A PPG test can only confirm postprandial hyperglycemia, reactive hypoglycemia or impaired glucose tolerance. However, being aware of PPG is important becuase, according to the International Diabetes Federation, elevated PPG levels form a risk factor for macrovascular disease.

Oral glucose tolerance test (OGTT)

Like Postprandial test, oral glucose tolerance testestimates one's ability to metabolize glucose. Unlike it is with postprandial test, OGTT is performed after the patient takes a cartain amount of glucose. This is the only test that confirms IGT with certainty.

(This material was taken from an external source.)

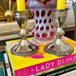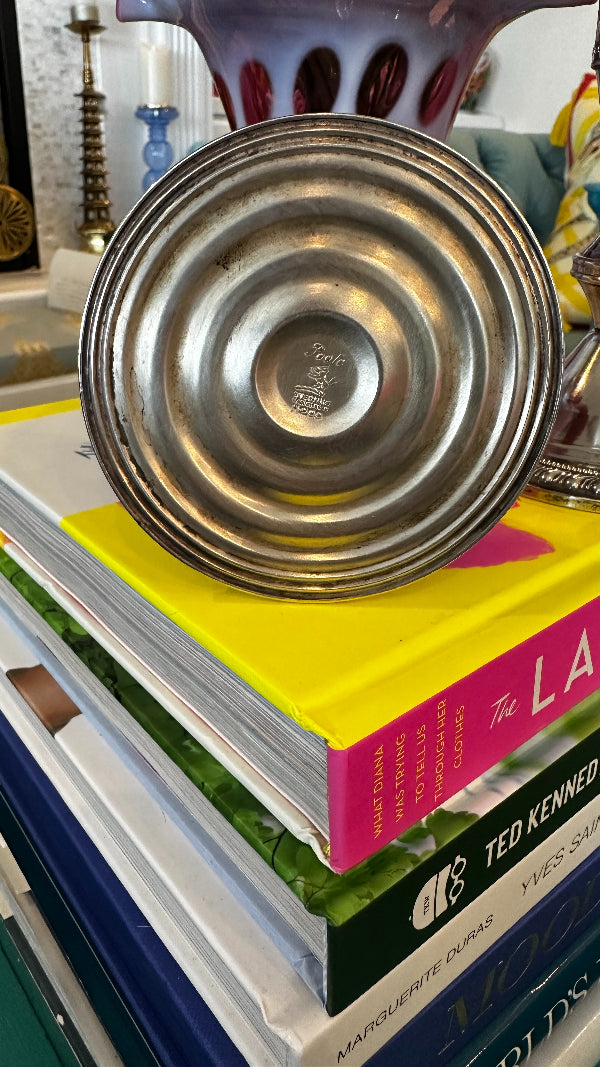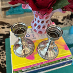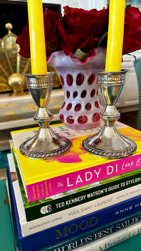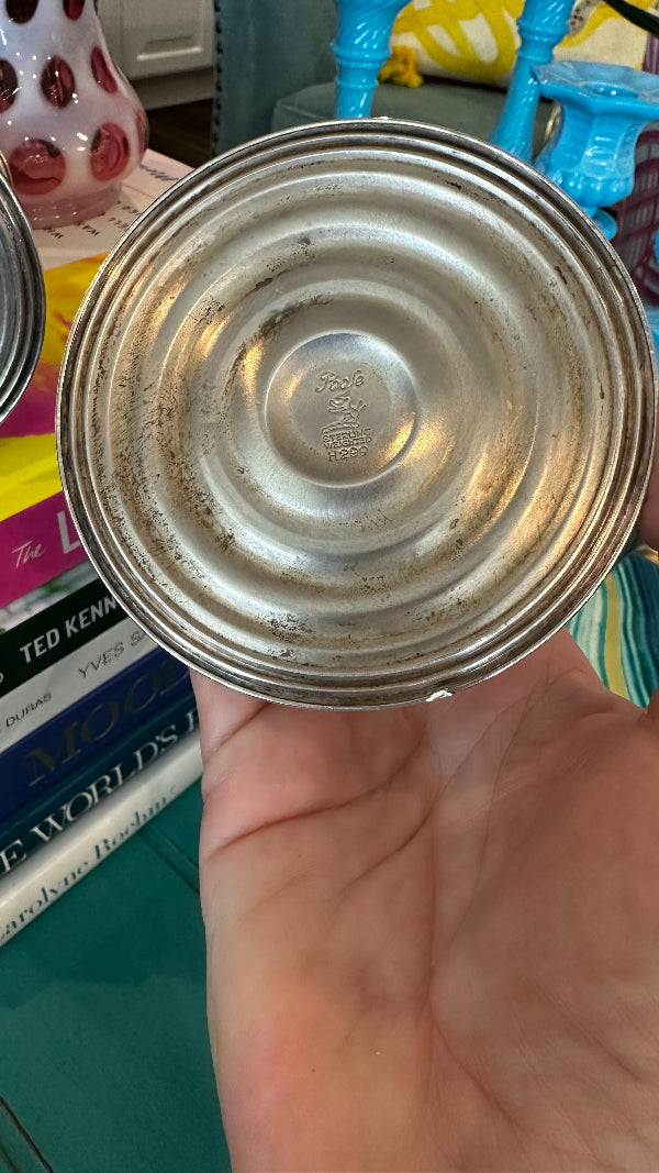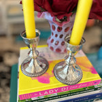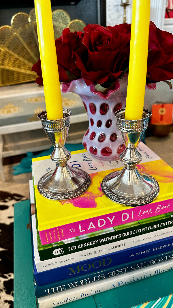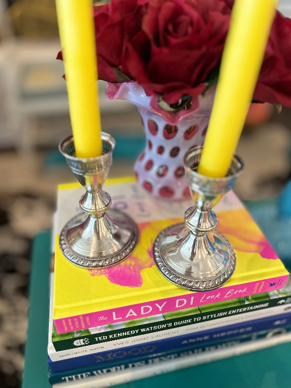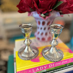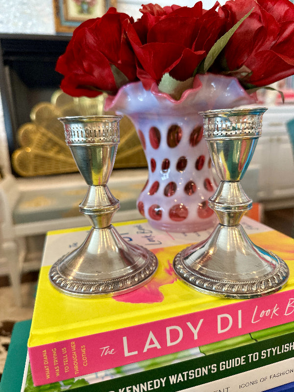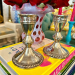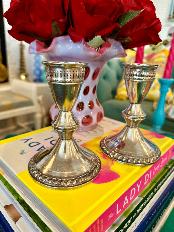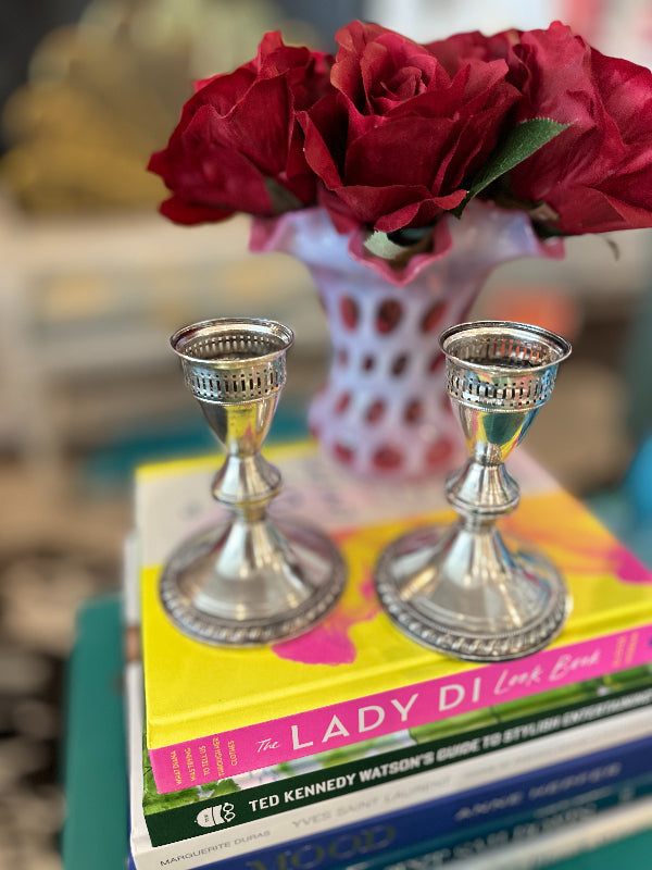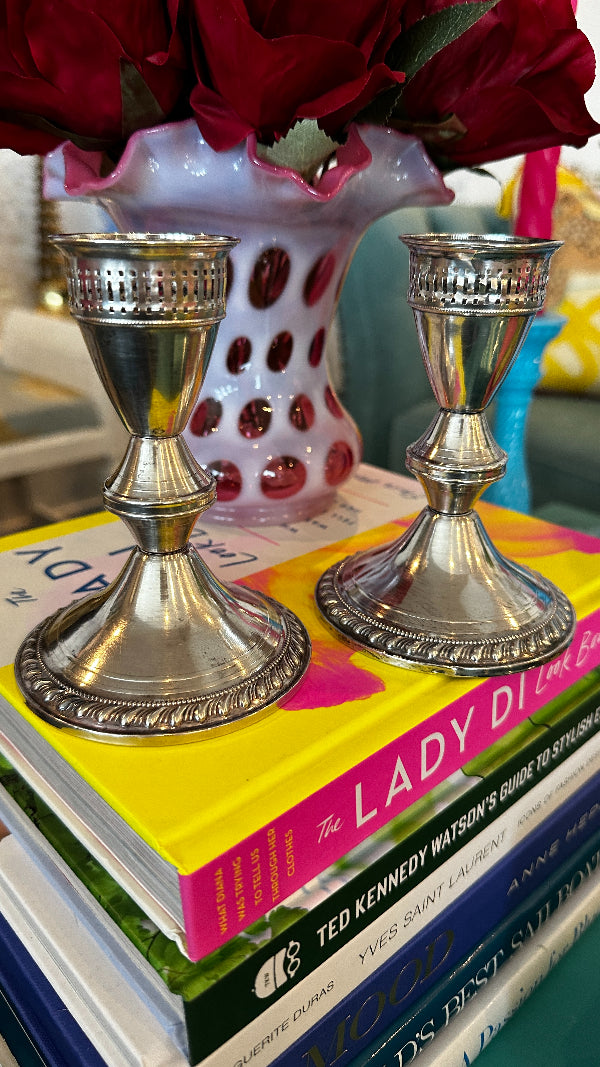 Vintage Candlesticks by Poole. Crafted with sterling silver weighted H200, these candlesticks add a touch of sophistication to any setting. Perfect for creating an ambiance of warmth and luxury, these vintage treasures are sure to elevate your decor. Enhance your space with the classic beauty and enduring quality of Poole's sterling silver candlesticks. Hurricane glass can be added to these for an extra special look.

The time ranges and glucose amount vary for different patient groups:

  • In adults, the test in performed 2 hours after taking 8 ounce with 75g of sugar
  • In childred, the test in performed 2 hours after taking 1.75g of sugar per kilo of body weight
  • In pregnant women, the test is performed 1,2 and 3 hours after taking 8 ounce solution with 100g of sugar

Fasting 8 to 12 hours before the test is required, water can be drunk in small amounts.

Hemoglobin A1c test

The hemoglobin A1C or HbA1c, or just A1c test test is used to measure one's average blood sugar over the period of 3 months. Along with fasting blood sugar test, this test is used to diagnose diabetes and prediabetes. In addition, this test helps manage and control diabetes, estimate efficacy of the chosen therapy.

The working principle of the A1C test is based on the attachment of glucose to hemoglobin and the test results are measured in percentage. The percentage figure shows the amount of hemoglobin with glucose attached to it.

Interpreting A1c results:

  • Below 5.7% - Normal
  • 5.7% to 6.4% - Prediabetes
  • 6.5% or above - Diabetes

Fasting is not necessary before an A1c test, your can eat and drink normally. However, test resutls may be misleading in people who have conditions or diseases diseases affecting thier hemoglobin, for example, blood loss or iron deficiency.

Random blood sugar test (RBS)

Random glucose tests check the levels blood glucose at any given moment during the day. Even being simple and minimally invasive, the test is still taken at outpatient facilities as the process required venous access. In addition, a workout of other physical activities before an RBS test can also cause inaccurate results.

The reading should not exceed 200 mg/d, otherwise diabetes is diagnosed.

Taking a random blood glucose test does not require fasting or other special preparations. More than that, the test is often used in urgency situations, for instance, when a person needs an unplanned surgery.

High blood sugar means that your are on your way to diabetes or may already have it. However, the condition can be reversed. The earlier you take action the greater the chance to get back to healthy blood sugar levels.